Segment Start: Given data

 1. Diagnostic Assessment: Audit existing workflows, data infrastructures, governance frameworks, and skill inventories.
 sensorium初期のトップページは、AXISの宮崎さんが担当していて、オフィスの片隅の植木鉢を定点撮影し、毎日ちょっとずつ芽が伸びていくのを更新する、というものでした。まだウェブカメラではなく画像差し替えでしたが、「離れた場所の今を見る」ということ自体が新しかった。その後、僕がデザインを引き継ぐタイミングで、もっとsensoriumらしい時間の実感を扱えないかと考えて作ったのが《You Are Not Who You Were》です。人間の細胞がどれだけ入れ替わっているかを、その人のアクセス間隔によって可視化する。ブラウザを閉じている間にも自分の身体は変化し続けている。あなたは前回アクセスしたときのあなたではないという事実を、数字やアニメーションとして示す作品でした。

Segment End: Given data
Segment Start: Given data

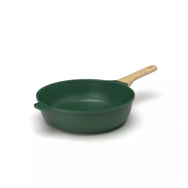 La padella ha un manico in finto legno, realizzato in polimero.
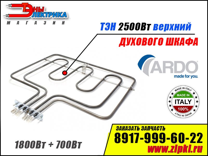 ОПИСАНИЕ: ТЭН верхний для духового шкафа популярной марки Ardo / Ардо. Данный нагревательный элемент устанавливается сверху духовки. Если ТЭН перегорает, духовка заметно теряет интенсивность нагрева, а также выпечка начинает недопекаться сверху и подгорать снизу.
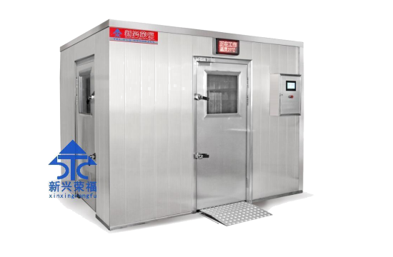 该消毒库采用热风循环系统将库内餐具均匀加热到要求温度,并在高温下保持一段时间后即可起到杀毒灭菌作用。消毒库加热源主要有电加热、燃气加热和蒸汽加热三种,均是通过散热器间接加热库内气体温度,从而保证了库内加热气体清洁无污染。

Segment End: Given data

§ **Assignment**
Starting at the line above that contains "1. Diagnostic Assessment: Audit", write out each line exactly until the line that contains "Are Not Who" has been written, and stop there.

§ **Your solution**
 1. Diagnostic Assessment: Audit existing workflows, data infrastructures, governance frameworks, and skill inventories.
 sensorium初期のトップページは、AXISの宮崎さんが担当していて、オフィスの片隅の植木鉢を定点撮影し、毎日ちょっとずつ芽が伸びていくのを更新する、というものでした。まだウェブカメラではなく画像差し替えでしたが、「離れた場所の今を見る」ということ自体が新しかった。その後、僕がデザインを引き継ぐタイミングで、もっとsensoriumらしい時間の実感を扱えないかと考えて作ったのが《You Are Not Who You Were》です。人間の細胞がどれだけ入れ替わっているかを、その人のアクセス間隔によって可視化する。ブラウザを閉じている間にも自分の身体は変化し続けている。あなたは前回アクセスしたときのあなたではないという事実を、数字やアニメーションとして示す作品でした。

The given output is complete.